America's Car Mart (CRMT) Misses Q3 EPS by 3c
America's Car Mart (NASDAQ: CRMT) reported Q3 EPS of $0.47, $0.03 worse than the analyst estimate of $0.50. Revenue for the quarter came in at $137 million versus the consensus estimate of $132.35 million.
“We are very proud of our Company and our 35 year history of expanding our footprint to new communities. With our growth and the changes we have seen in the industry, it is time to make a few management structure changes that we believe will allow us to continue our success out into the future,” said William H. (“Hank”) Henderson, Chief Executive Officer of America’s Car-Mart, Inc. (the “Company”). “We have promoted Leon Walthall to the newly created position of Field Operations Officer where he will be leading our Regional Vice Presidents of Operations. Leon has been with the Company for over 27 years and has had tremendous success both as a General Manager and for the last six years as a Regional Vice President. Jeff Williams, our Chief Financial Officer for the last 10 years, will assume additional responsibilities as our President. We are very excited for Leon and Jeff and appreciate their hard-work and dedication to the Company. I am confident that expanding their scope of influence will be very beneficial and a move in the right direction to realizing the true potential of our Company.”

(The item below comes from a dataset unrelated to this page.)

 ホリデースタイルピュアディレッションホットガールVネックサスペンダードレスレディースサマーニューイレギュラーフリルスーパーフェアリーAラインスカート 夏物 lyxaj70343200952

“We feel good about the quality of the vehicles we are selling and the credit profiles of our customers. However, we continue to struggle with our sales volumes as we haven’t yet seen relief from the operating environment. There is no doubt that competition is still very intense and January was particularly weak from a sales volume perspective. In addition to the high level of competition, we also attribute the volume challenges to us being more conservative with our underwriting and to a delay in income tax refunds this year compared to last,” added Mr. Henderson. “Even with the volume shortfall we were able to show good, solid growth at the top line for the quarter, something we are very proud of and something that we can build on as we move forward. We will continue to work hard on the expense side of the business as we move to improve productivity. We will adjust accordingly and as always continue to try to find just the right balance between risk and volume.”

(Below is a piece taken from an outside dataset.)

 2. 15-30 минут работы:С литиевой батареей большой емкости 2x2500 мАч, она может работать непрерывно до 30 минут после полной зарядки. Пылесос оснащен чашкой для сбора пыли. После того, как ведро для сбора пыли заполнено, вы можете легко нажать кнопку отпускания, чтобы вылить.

“As Hank mentioned, one of our biggest challenges right now is finding our footing on the volume side and making sure our infrastructure costs are in alignment. Our cash on cash returns for the deals we are writing are solid, but we are struggling with attracting enough good, solid deals in this environment. While we still believe we will grow into our cost structure, which was created with the view of supporting much higher volumes, that was certainly not the case this quarter and we are making adjustments, including pushing for higher volumes,” said Jeff Williams, Chief Financial Officer for America’s Car-Mart, Inc. “It has been a very difficult market to read, and competitive forces are intense. We will continue to pursue our mission of striving to earn the repeat business of our customers by providing quality vehicles, affordable payment terms and excellent service. We believe more firmly than ever that supporting our customers with a face-to-face relationship is the best way to serve our market.”

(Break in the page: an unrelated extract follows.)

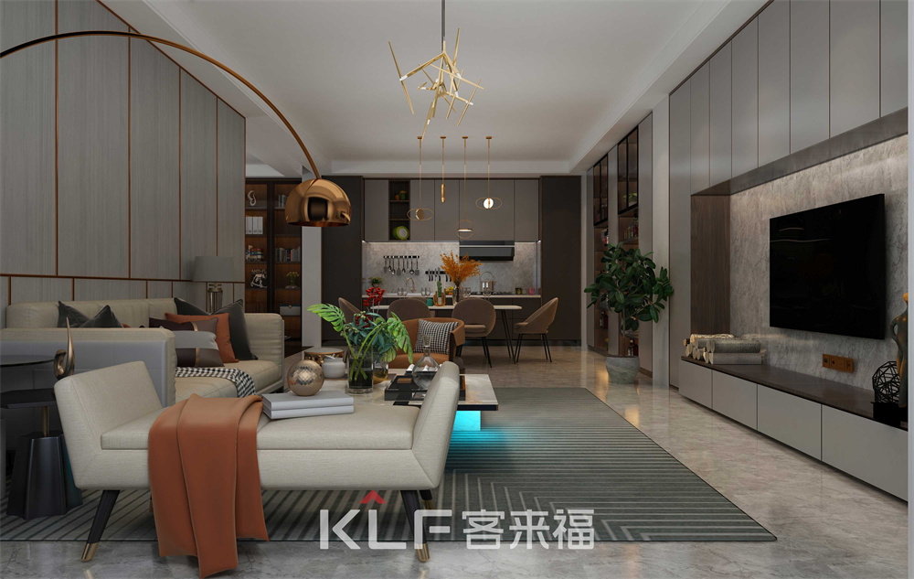 满载光泽的金属装饰、经典惹眼的双色墙,造型简约的时尚家具.....大量元素融合于客厅,营造出自由与浪漫,低调与奢华的气质。

“Our debt to equity ratio is 53.5% and our debt to receivables ratio is 27.6%, up from 24.6% at April 30, 2015. We re-purchased 252,513 shares for $6.5 million for an average cost of $25.73 per share during the quarter, and since February 10, 2010, we have repurchased 4 million shares, or 34% of our Company, for $131 million at an average cost of $32.76 per share. To support our growth and any potential future repurchases, today we exercised an option under our existing credit agreement to increase our revolving credit facilities by $27.5 million from $145 million to $172.5 million,” added Mr. Williams. “As always, we are focused on cash flows and growing value over the long-term. Since January 31, 2015, we have repurchased almost $17 million in common stock, incurred $6 million in capital expenditures, grown finance receivables by $18 million and inventory by $4 million, which will decrease back down during the fourth quarter, with only a $10 million increase in debt.”